--- What you should do ---
Please take the lines from the one holding "ช้อปลดหย่อนกับบัตรเครดิตกรุงศรี แลกรับเครดิตเงินคืนเพิ่ม 13%*" through the one holding "第五道菜是酸辣土豆丝,酸辣土" in the data below and copy them exactly.

--- Material shown ---

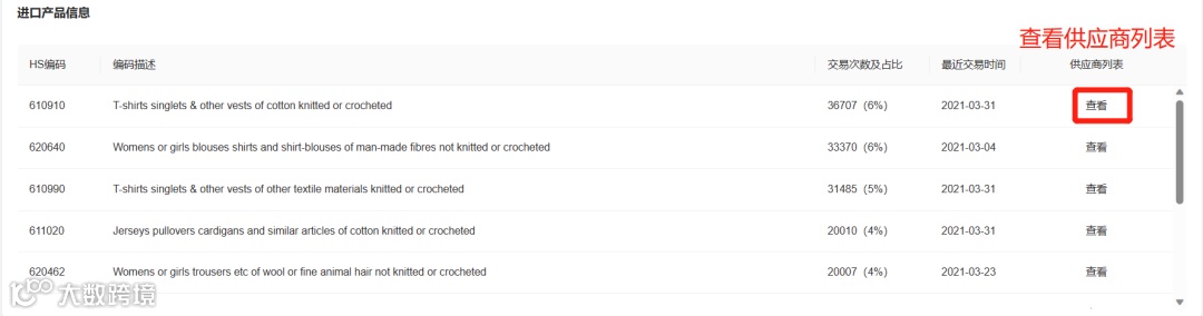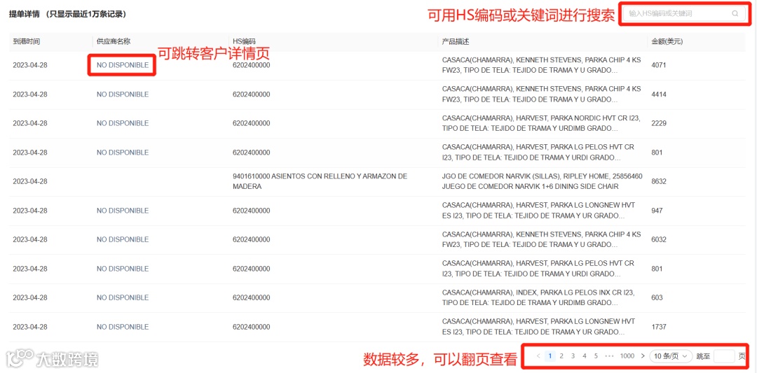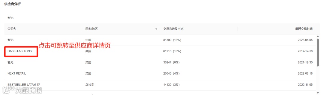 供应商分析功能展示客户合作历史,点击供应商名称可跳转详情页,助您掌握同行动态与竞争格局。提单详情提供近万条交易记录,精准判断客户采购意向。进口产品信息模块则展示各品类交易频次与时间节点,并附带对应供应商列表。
==
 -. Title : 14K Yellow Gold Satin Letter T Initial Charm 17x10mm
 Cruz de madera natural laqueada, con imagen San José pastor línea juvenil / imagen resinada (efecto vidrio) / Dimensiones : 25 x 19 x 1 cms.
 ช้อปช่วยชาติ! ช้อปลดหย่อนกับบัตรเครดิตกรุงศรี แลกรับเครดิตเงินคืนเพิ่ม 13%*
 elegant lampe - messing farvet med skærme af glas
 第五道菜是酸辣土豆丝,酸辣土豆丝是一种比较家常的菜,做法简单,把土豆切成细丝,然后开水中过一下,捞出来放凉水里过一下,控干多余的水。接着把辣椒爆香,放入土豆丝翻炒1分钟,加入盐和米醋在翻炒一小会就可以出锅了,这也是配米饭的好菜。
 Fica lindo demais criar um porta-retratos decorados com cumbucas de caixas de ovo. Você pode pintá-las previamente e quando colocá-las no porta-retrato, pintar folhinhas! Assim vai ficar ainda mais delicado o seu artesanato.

--- Answer box ---
 ช้อปช่วยชาติ! ช้อปลดหย่อนกับบัตรเครดิตกรุงศรี แลกรับเครดิตเงินคืนเพิ่ม 13%*
 elegant lampe - messing farvet med skærme af glas
 第五道菜是酸辣土豆丝,酸辣土豆丝是一种比较家常的菜,做法简单,把土豆切成细丝,然后开水中过一下,捞出来放凉水里过一下,控干多余的水。接着把辣椒爆香,放入土豆丝翻炒1分钟,加入盐和米醋在翻炒一小会就可以出锅了,这也是配米饭的好菜。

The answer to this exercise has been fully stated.